● **Problem details**
The listing must be copied out in full and exactly; no images go with it.

● **Data**
= Beginning of Section =
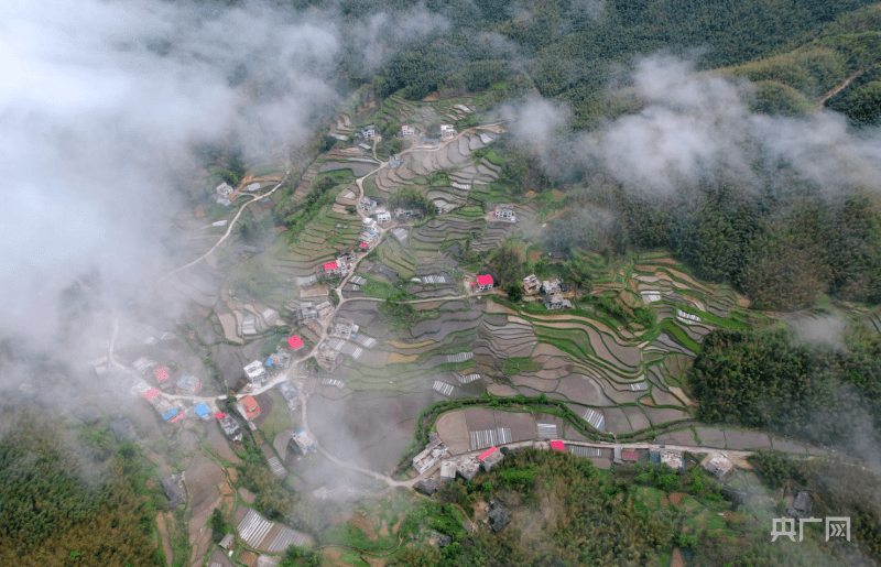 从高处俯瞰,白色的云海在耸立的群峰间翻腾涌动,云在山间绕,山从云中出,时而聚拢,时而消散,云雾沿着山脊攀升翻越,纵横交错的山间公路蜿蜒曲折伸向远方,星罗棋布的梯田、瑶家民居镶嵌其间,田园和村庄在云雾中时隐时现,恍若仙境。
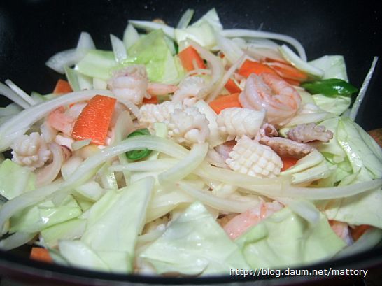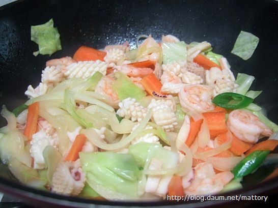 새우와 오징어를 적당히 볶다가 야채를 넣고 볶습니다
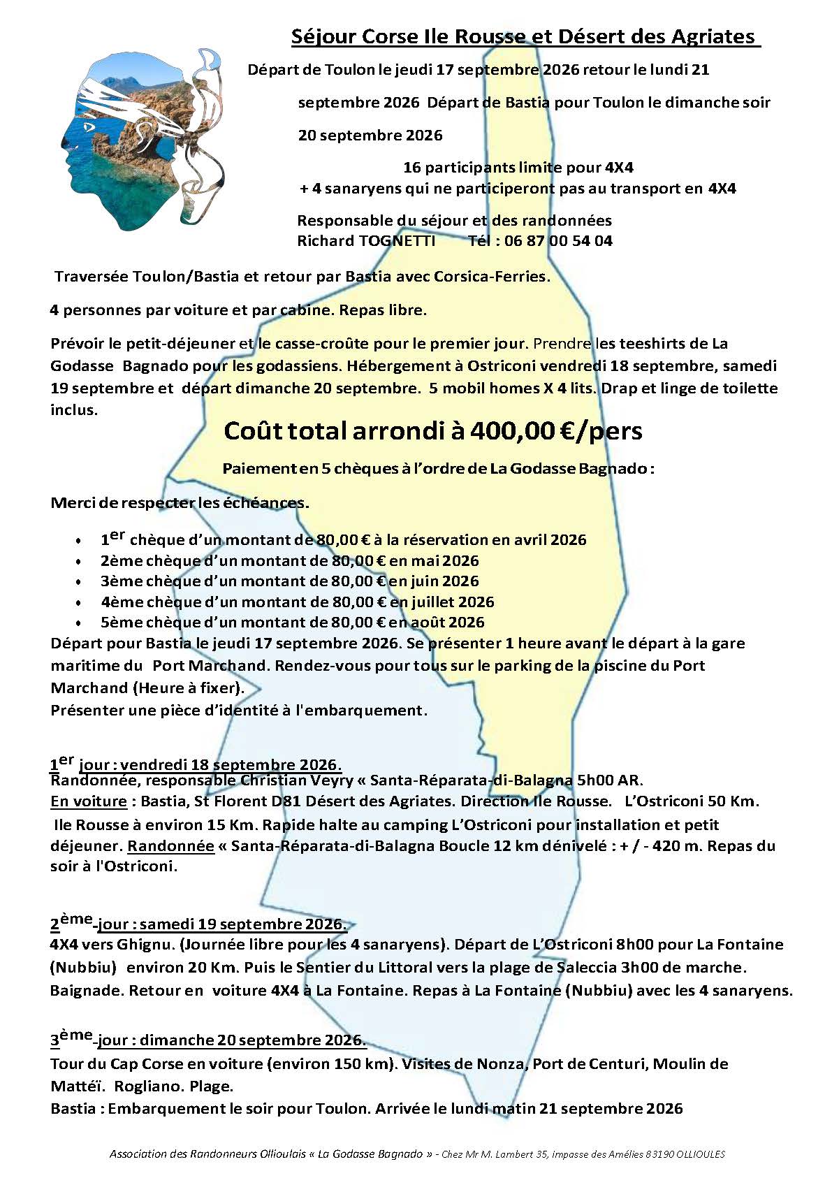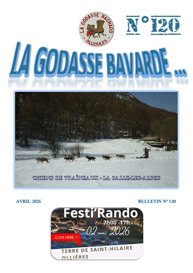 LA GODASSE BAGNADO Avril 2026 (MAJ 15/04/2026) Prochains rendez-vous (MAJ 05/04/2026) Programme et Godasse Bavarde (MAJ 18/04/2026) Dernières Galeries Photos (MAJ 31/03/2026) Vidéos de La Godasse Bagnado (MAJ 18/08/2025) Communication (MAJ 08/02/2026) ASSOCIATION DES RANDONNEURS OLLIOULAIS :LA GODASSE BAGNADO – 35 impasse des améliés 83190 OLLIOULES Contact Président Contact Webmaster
= End of Section =
● **Expected output**
 从高处俯瞰,白色的云海在耸立的群峰间翻腾涌动,云在山间绕,山从云中出,时而聚拢,时而消散,云雾沿着山脊攀升翻越,纵横交错的山间公路蜿蜒曲折伸向远方,星罗棋布的梯田、瑶家民居镶嵌其间,田园和村庄在云雾中时隐时现,恍若仙境。
 새우와 오징어를 적당히 볶다가 야채를 넣고 볶습니다
 LA GODASSE BAGNADO Avril 2026 (MAJ 15/04/2026) Prochains rendez-vous (MAJ 05/04/2026) Programme et Godasse Bavarde (MAJ 18/04/2026) Dernières Galeries Photos (MAJ 31/03/2026) Vidéos de La Godasse Bagnado (MAJ 18/08/2025) Communication (MAJ 08/02/2026) ASSOCIATION DES RANDONNEURS OLLIOULAIS :LA GODASSE BAGNADO – 35 impasse des améliés 83190 OLLIOULES Contact Président Contact Webmaster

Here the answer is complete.